Of the “bad April guys,” Beltre, Cameron, Delgado, and Tejada are known or suspected users, or 5 out of 89, or 6%.
Just for the heck of it, let’s remove the 17 suspected steroid users form the database and see what happens…
Wow! With the same weighting, the projected OPS of the now 60 player seasons, after the hot April, is .895 and the actual is .889!
Before the difference was 40 points between projected and actual, and now, it is only 4 points! Wow!
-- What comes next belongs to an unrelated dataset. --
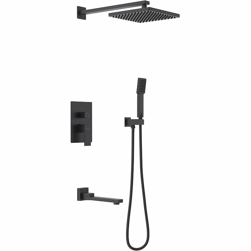 Душевая система Berges Nardis 3S 071011.Характеристики: Цвет: черный матовый. Материал смесителя: латунь. Материал ручного душа и верхнего душа: ABS-пластик. Держатель верхнего душа: нержавеющая сталь. Держатель ручного душа и излив: латунь. Душевой шланг длиной 1500 мм из нержавеющей стали (внутри epdm). Механизм: керамический картридж 28 л/мин. Управление: однорычажное. Излив: поворотный. Вылет верхнего душа: 400 мм. Размер верхнего душа (ШхД): 230х230 мм. Форма верхнего душа: квадратная. Длина ручного душа: 240 мм. Форма ручного душа: прямоугольная. Количество режимов струи ручного душа: 1. Система против известковых отложений. Экономия расхода воды. Стандарт подводки: G 1/2. Монтаж: встраиваемый. В комплекте поставки: Смеситель (внешняя и внутренняя часть). Излив. Верхний душ. Ручной душ. Шланг для ручного душа. Кронштейн верхнего душа. Держатель ручного душа.

Pretty scary.
(For the bad April guys, with the PED players removed, we have projected .738 and actual .736.
If I only remove those names who either admitted or tested positive (Bonds, Caminitti, Giambi, Sheff, Sosa, Tatis, Tejada, Roberts, Genkins, McGwire, Glaus, and Rios), we get .891 projected and .906 actual, or a 14 point difference, down from 28 points.
BTW, thinking about guys like Thomas and Edmonds and other older players who have been released after bad starts, let’s see if a terrible start by an older player has any more significance than one by a younger player: Of course we are just looking at stats. It is not inconceivable that a team and its scouts, coaches, and manager, can “see” if an older player has lost his skills or is just having a fluke bad month.
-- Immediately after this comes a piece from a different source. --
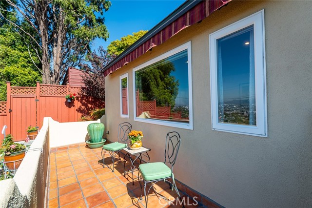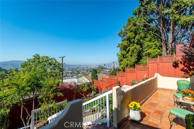 Rare Double Views, Expansive east and west views, Elegant 1920s Spanish Revival in Coveted Adams Hill - - - Perched high above the street in Glendale’s Adams Hill neighborhood, this 1920s Spanish Revival home captures breathtaking views from nearly every room — from sunrise over the hills to the east, to glowing sunsets to the west. Its rare double-view orientation fills the interiors with natural light throughout the day, while timeless architectural details harmonize with thoughtful, high-quality updates. The home exudes pride of ownership, where every surface has been carefully renewed with taste and craftsmanship. A charming living room with a classic barrel ceiling, handsome fireplace, and sweeping western views anchors the main living space. The spacious floor plan includes both a formal dining room overlooking the hills and a cheerful breakfast nook with morning light and eastern vistas. Even the kitchen sink enjoys a stunning view. The primary suite offers an updated ensuite bath, while the office or den — counted as the fourth bedroom — impresses with high ceilings, skylights, and an elegant eyebrow window. Outdoor living is equally enchanting: Saltillo-tiled patios complement lush, meticulously maintained gardens. Enjoy two distinct entertaining terraces — a tranquil east-facing patio perfect for morning coffee and a west-facing terrace ideal for unwinding at sunset. Another large patio rests gracefully above the detached two-car garage, offering yet another serene retreat. Practical upgrades include copper plumbing, central heat and air, and dual-pane windows. Additional storage spaces adjacent to the crawlspace provide the perfect opportunity for a wine cellar or easily accessible storage. All of this in a peaceful, historic enclave just 8 miles from Downtown Los Angeles, 10 miles from Burbank, and 7 miles from Pasadena — a central location that offers convenience without sacrificing charm or tranquility. ***Street address shows 1408 Corona Dr, mailing address is 1404 Corona Dr.***

Anyway, for players older than 33, and we have 24 of them, and after batting .497 (OPS) in April, they have a projected rest of season of .740 and an actual one of .737. A little less than expected but not really much difference.
Of course, these are the guys that WERE allowed to play, so who knows about the guys who were NOT?
For the younger (less than 30) players (N=44) with a bad start, they were projected at .737 and hit .725.
That is a little weird. One reason for that is probably that I am regressing towards a league average player, regardless of age. I should be regressing towards the mean for that age, which for these players age 26.4 is lower than an average player.
If we split the “good April” guys into under 30 and over 29, while removing all the steroid guys, we have projected .872 and actual .873 for the younger ones (N=33), and .901 and .910 for the older ones (N=27), which is fairly interesting.
Anyway, all told, if we remove known and suspected PED players from our sample, I don’t see much evidence that a hot or cold April has much if any predictive value for any class of players that I have looked at.